The Flight of the Dancing Bear by Mark Rascovich

The Flight of the Dancing Bear by Mark Rascovich

Author:Mark Rascovich [Rascovich, Mark]
Language: eng
Format: epub
ISBN: 9781839742507
Google: HV6MzQEACAAJ
Publisher: BURTYRKI Books
Published: 2020-01-15T16:08:57+00:00


Faversham brought the Pobeda to a stop on the road to Ushkalinsk and stared doubtfully at the tracks in the snow which turned off and vanished among the trees. Grigor, who was wedged in between him and Velia, pointed eagerly at those tracks, nodding his head.

“He claims that is the way,” Velia said, but with some doubt in her voice. She was holding little Piotr in her lap, and he was fast asleep with his head on her shoulder. Behind them Ana was standing up in the back, leaning forward across the front seat.

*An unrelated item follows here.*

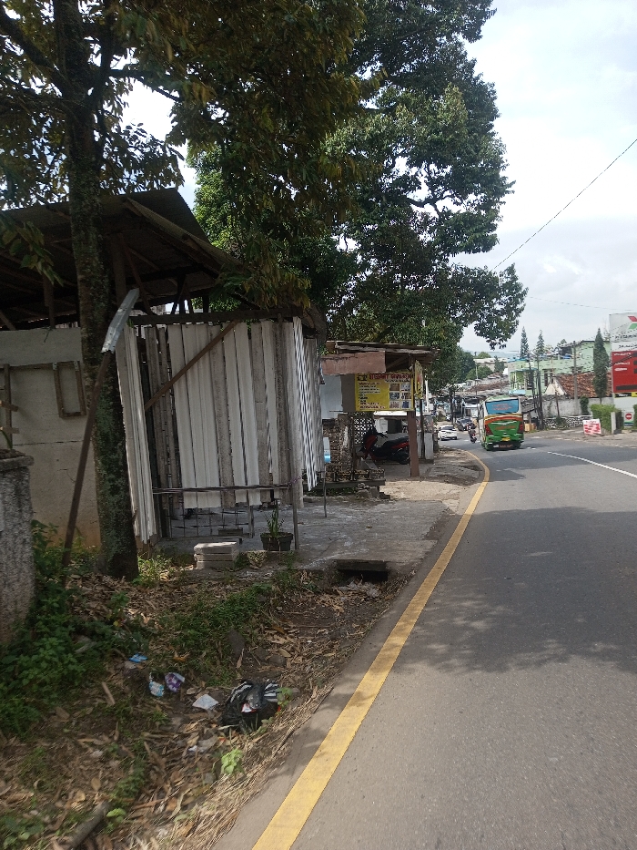 This image depicts a roadside scene within the city of Chhenangri_Rishor, Bhutan, captured during daytime under an overcast sky. In the foreground, a patch of dry earth with sparse green vegetation and scattered litter, including plastic bags and wrappers, is visible on the left. An asphalt road with a solid yellow line delineating its left edge dominates the lower right portion of the image. Tree shadows are cast upon the asphalt. Midground elements on the left include a large tree with dark, textured bark and dense green foliage. Adjacent to this tree stands a makeshift or informal structure with a sloped, corrugated metal roof and vertical white corrugated panels forming a partial enclosure. A diagonal wooden beam reinforces this structure, and metal railings are present at its base. To its right, a smaller, open-fronted stall or kiosk features a flat, light-colored roof. The back wall of this stall displays multiple posters with text in what appears to be Bahasa Indonesia or a similar Southeast Asian script. A dark-colored motorcycle is parked beneath this stall. On the ground near the stall, stacked concrete blocks and a small potted plant are present. A concrete sidewalk or paved area runs in front of these structures, containing a visible rectangular drain opening. On the asphalt road, a green and orange (or yellow) public transit bus is observed moving away from the viewer on the right side. Several other vehicles, including cars and motorcycles, are visible further down the street, indicating ongoing traffic. The background reveals numerous buildings of varying sizes and architectural styles lining the road, suggesting a commercial or mixed-use urban area. A large red sign with white lettering is partially visible on the far right. Dense green trees and foliage are interspersed among the structures, and distant hills or mountains are faintly discernible beneath the cloudy sky. No distinct human figures performing specific actions are visible in the immediate foreground or midground.

“Even if he’s right, old Poppy won’t go far in there,” Faversham exclaimed.

Velia spoke to Grigor in Russian. “Are you sure? Very sure?”

“Oh yes! I have been this way many times before.”

“You have not!” Ana corrected him, giving him a little slap on the shoulder.

“I have too!”

Velia shifted the sleeping Piotr and took Grigor by the arm, speaking to him with a gentle severity. “Now listen to me! You must not fool us! We cannot play games.”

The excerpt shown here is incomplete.